Work required
Nothing but the lines from the top of the data to the line holding "Project Zero 2: Wii" should be printed, word for word and both ends included; leave the pictures out.

(Records from a data collection)
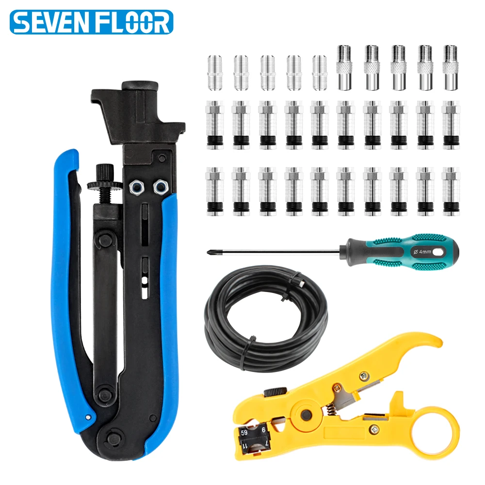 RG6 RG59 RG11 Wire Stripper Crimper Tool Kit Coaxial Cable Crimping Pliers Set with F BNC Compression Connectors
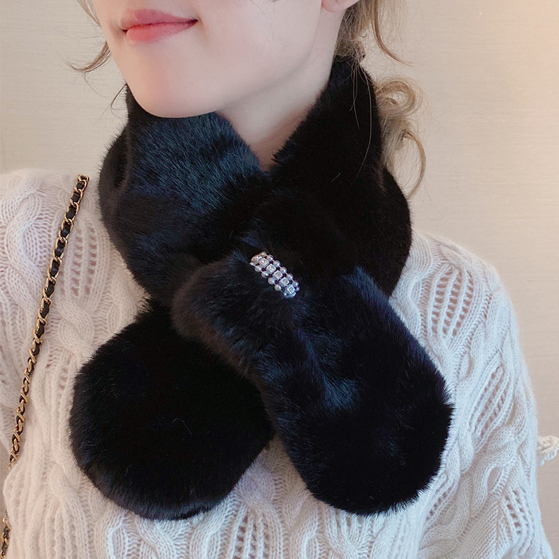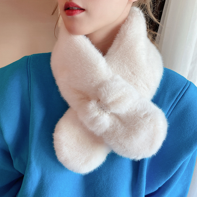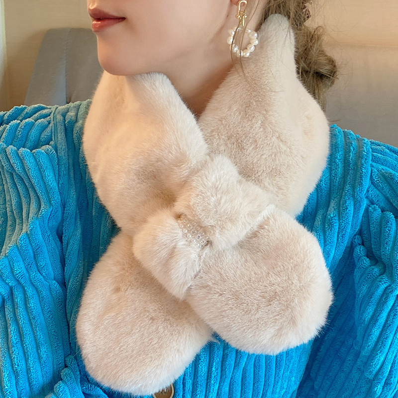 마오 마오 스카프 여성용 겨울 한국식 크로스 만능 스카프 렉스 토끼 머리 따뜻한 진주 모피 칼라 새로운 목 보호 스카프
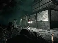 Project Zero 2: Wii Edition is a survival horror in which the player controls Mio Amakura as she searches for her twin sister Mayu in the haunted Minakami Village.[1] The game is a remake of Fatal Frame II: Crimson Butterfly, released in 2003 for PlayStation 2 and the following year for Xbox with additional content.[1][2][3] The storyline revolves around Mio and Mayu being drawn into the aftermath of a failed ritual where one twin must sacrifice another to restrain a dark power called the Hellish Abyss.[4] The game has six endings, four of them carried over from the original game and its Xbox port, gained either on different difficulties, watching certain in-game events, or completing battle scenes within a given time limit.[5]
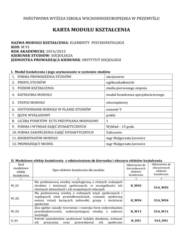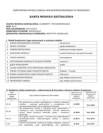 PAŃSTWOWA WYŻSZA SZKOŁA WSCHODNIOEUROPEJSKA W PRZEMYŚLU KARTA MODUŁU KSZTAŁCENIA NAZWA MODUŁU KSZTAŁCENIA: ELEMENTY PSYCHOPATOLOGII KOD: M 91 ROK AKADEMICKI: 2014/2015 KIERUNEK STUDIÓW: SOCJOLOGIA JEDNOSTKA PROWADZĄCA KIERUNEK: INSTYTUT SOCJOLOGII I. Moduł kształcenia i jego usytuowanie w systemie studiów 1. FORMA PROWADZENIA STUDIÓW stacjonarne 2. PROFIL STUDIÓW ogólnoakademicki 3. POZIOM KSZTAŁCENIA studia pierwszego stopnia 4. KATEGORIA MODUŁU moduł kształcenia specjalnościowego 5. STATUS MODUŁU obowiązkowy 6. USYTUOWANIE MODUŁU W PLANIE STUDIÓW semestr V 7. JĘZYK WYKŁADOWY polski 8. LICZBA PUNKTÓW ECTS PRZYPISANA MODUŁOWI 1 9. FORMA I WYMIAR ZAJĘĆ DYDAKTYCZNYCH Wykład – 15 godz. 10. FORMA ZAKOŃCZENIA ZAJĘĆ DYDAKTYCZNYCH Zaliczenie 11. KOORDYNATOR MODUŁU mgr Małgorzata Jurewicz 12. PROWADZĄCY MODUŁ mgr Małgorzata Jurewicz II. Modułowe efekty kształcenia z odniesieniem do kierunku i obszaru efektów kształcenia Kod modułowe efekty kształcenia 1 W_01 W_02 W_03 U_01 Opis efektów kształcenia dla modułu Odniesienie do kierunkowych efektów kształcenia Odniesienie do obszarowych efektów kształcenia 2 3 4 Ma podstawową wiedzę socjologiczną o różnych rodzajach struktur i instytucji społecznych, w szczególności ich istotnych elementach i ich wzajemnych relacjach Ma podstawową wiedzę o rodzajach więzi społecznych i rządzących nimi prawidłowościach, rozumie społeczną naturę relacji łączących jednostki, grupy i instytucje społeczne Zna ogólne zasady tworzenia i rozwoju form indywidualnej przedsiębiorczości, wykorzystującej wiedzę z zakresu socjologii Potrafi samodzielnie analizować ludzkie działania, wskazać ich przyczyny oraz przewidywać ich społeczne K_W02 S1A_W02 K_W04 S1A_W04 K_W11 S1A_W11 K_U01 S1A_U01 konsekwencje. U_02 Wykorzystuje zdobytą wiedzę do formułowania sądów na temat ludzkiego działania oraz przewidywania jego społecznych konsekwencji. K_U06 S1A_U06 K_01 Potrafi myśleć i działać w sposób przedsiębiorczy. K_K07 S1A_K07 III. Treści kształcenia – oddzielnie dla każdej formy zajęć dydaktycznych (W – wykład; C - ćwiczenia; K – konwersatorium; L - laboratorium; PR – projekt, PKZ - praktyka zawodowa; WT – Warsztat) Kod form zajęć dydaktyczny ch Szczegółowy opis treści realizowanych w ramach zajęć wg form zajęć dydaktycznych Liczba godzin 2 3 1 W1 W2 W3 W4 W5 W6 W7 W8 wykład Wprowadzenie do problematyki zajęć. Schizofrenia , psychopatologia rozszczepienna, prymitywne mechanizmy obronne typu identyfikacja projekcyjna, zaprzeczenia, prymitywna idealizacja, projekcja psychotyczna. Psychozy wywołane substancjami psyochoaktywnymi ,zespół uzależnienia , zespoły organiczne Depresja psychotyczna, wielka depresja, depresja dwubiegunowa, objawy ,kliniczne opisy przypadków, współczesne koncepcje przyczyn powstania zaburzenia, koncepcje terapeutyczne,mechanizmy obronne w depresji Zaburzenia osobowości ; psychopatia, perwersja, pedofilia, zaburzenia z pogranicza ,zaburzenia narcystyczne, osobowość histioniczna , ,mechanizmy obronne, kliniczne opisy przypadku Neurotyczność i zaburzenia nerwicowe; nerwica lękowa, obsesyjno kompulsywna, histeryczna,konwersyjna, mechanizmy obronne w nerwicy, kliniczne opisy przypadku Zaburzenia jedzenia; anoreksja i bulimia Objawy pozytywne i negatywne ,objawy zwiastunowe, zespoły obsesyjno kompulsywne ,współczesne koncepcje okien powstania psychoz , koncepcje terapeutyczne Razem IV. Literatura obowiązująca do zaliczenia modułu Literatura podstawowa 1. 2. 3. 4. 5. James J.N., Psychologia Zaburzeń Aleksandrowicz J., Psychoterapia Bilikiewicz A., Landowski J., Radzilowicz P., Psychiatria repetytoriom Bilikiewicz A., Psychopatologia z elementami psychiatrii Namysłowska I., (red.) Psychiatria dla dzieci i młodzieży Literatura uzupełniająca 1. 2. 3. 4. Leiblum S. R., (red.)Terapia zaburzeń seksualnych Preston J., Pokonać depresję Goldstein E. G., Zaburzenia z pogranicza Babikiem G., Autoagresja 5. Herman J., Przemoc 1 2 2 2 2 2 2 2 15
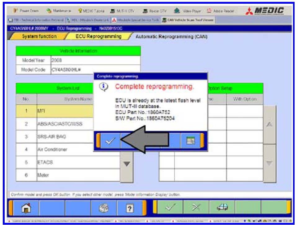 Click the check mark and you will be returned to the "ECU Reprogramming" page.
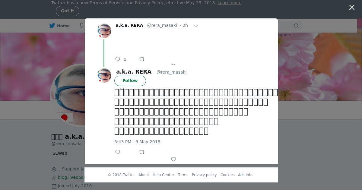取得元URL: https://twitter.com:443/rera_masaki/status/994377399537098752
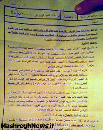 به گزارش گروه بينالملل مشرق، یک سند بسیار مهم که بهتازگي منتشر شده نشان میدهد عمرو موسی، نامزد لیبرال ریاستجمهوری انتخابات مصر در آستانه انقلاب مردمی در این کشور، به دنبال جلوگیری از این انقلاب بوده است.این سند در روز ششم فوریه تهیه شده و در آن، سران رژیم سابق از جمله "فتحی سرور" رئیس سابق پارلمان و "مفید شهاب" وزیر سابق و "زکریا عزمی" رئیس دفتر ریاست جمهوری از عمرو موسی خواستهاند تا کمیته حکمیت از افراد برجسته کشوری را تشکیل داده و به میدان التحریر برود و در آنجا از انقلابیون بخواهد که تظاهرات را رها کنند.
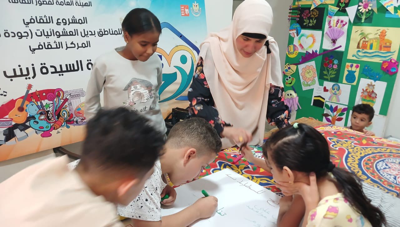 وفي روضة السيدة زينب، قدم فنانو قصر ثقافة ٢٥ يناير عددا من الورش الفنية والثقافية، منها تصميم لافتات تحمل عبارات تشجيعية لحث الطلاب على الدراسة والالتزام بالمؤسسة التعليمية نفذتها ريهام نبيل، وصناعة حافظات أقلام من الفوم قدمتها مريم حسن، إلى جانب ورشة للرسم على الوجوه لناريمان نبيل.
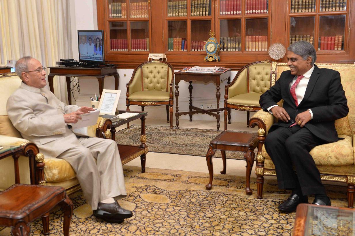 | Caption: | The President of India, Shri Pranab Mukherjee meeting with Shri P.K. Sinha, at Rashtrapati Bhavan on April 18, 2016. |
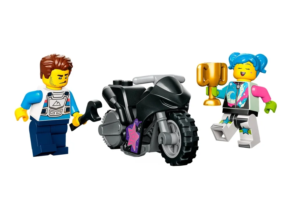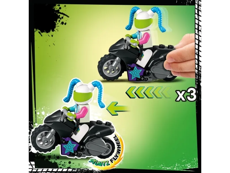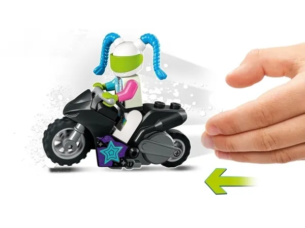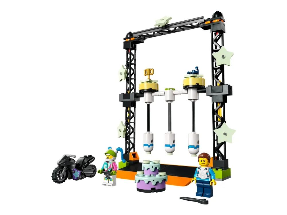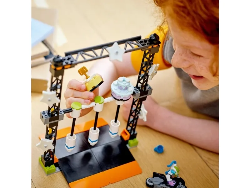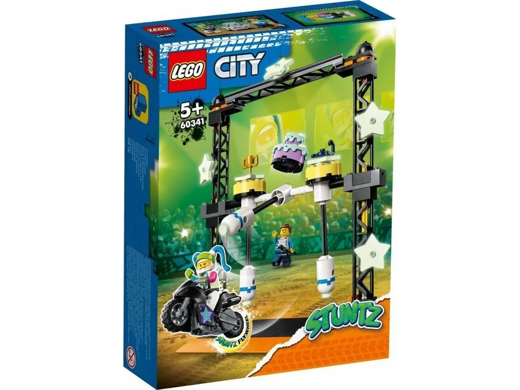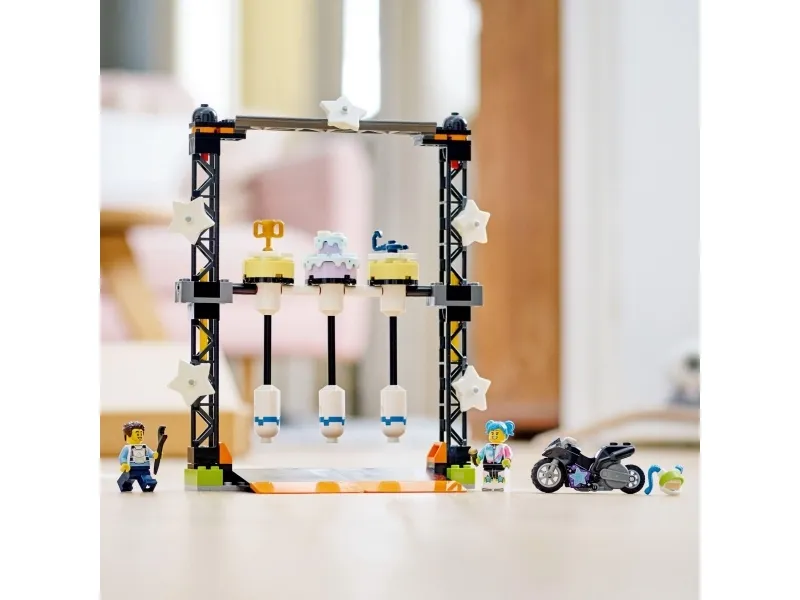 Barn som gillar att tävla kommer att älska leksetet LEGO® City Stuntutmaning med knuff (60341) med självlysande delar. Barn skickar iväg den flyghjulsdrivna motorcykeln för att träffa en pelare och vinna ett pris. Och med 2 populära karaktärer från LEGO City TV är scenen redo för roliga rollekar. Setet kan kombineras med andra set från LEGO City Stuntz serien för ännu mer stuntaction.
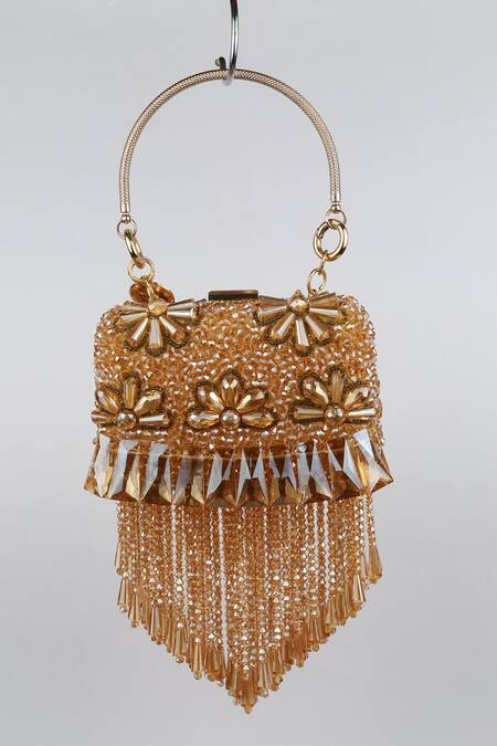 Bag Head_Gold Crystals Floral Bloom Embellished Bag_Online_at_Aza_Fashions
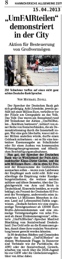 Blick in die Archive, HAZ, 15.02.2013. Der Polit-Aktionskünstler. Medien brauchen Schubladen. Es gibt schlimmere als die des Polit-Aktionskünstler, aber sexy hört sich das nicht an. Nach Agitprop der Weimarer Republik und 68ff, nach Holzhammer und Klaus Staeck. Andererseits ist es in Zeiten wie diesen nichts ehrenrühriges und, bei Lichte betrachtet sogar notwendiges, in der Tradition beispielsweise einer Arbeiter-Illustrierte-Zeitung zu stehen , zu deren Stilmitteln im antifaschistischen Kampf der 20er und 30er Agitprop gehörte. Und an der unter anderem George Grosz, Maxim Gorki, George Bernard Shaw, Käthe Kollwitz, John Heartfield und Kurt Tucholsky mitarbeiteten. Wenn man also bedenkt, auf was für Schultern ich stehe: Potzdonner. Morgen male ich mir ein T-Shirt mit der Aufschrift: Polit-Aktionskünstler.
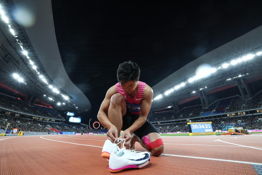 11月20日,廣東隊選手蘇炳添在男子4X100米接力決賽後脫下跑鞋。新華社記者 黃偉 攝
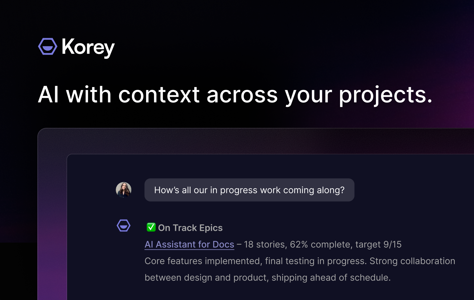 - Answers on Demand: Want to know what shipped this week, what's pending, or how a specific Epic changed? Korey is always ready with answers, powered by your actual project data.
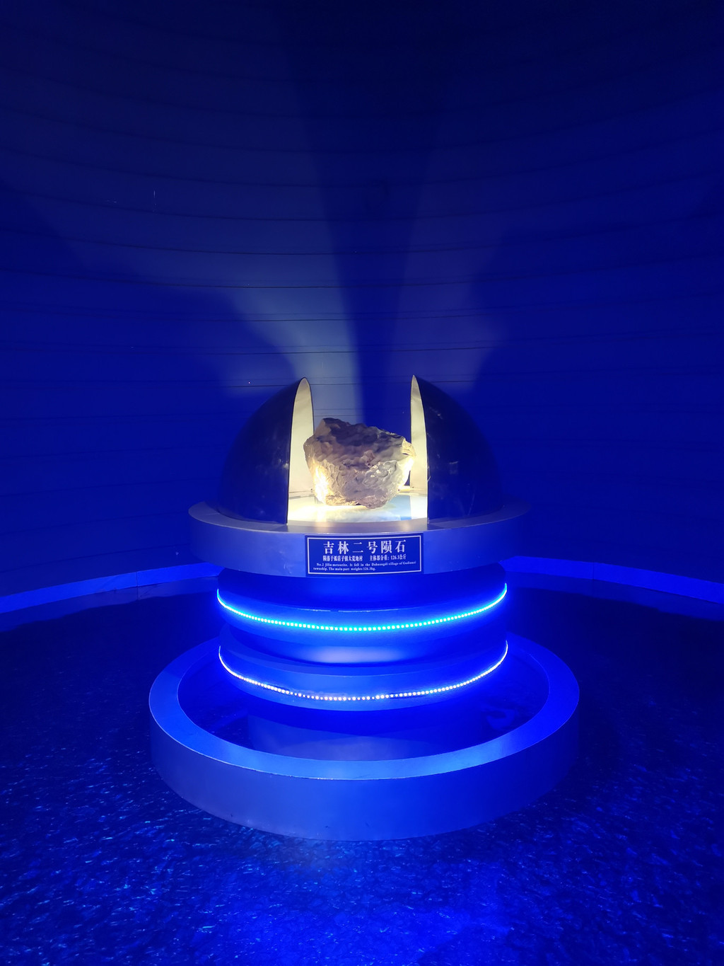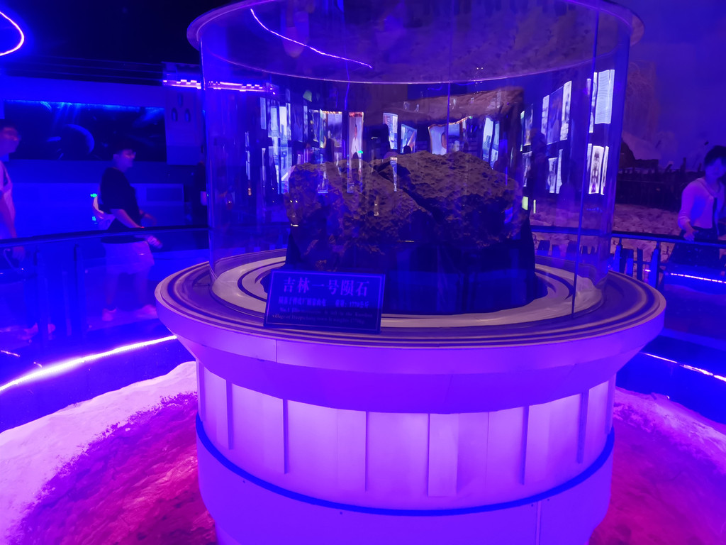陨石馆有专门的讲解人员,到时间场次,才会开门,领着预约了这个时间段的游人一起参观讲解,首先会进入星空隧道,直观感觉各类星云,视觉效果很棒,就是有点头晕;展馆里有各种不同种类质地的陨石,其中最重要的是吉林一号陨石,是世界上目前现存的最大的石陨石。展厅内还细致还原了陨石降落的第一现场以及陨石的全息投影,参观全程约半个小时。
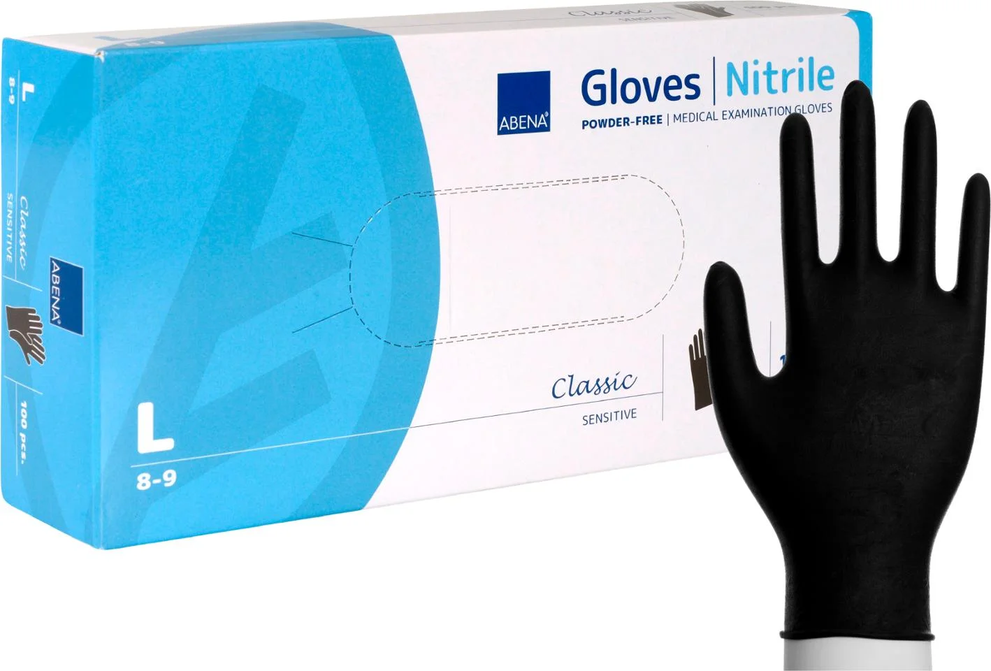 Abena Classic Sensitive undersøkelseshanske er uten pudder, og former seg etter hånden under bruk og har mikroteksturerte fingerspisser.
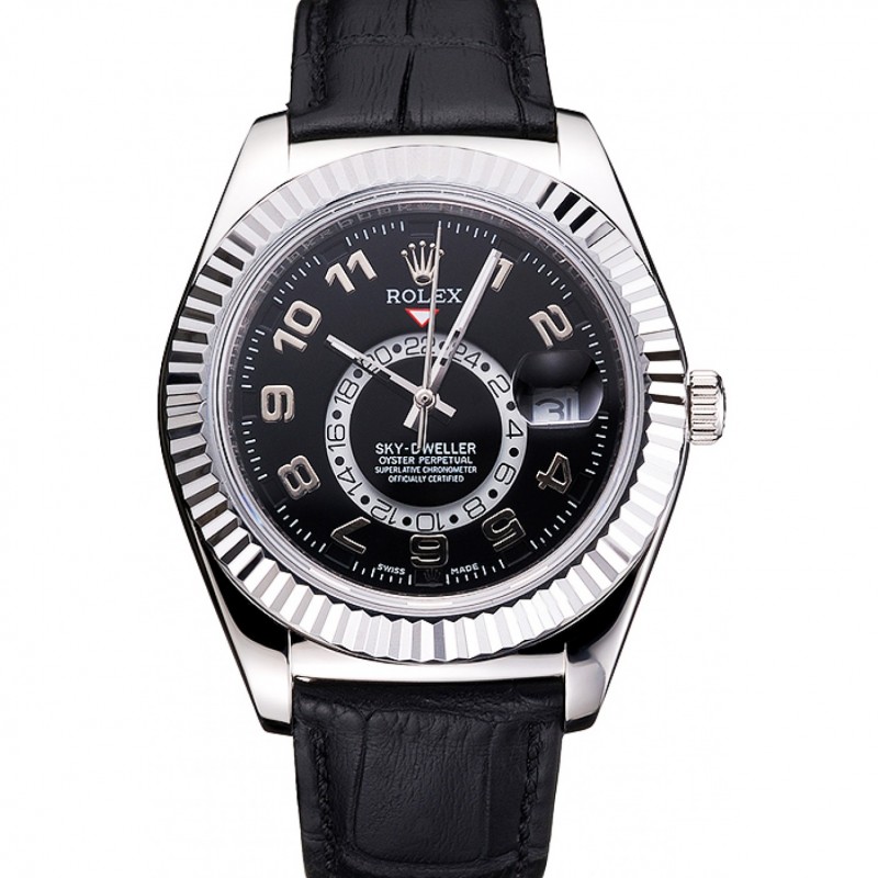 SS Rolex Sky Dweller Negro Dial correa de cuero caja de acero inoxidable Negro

Exercise response
 RG6 RG59 RG11 Wire Stripper Crimper Tool Kit Coaxial Cable Crimping Pliers Set with F BNC Compression Connectors
 마오 마오 스카프 여성용 겨울 한국식 크로스 만능 스카프 렉스 토끼 머리 따뜻한 진주 모피 칼라 새로운 목 보호 스카프
 Project Zero 2: Wii Edition is a survival horror in which the player controls Mio Amakura as she searches for her twin sister Mayu in the haunted Minakami Village.[1] The game is a remake of Fatal Frame II: Crimson Butterfly, released in 2003 for PlayStation 2 and the following year for Xbox with additional content.[1][2][3] The storyline revolves around Mio and Mayu being drawn into the aftermath of a failed ritual where one twin must sacrifice another to restrain a dark power called the Hellish Abyss.[4] The game has six endings, four of them carried over from the original game and its Xbox port, gained either on different difficulties, watching certain in-game events, or completing battle scenes within a given time limit.[5]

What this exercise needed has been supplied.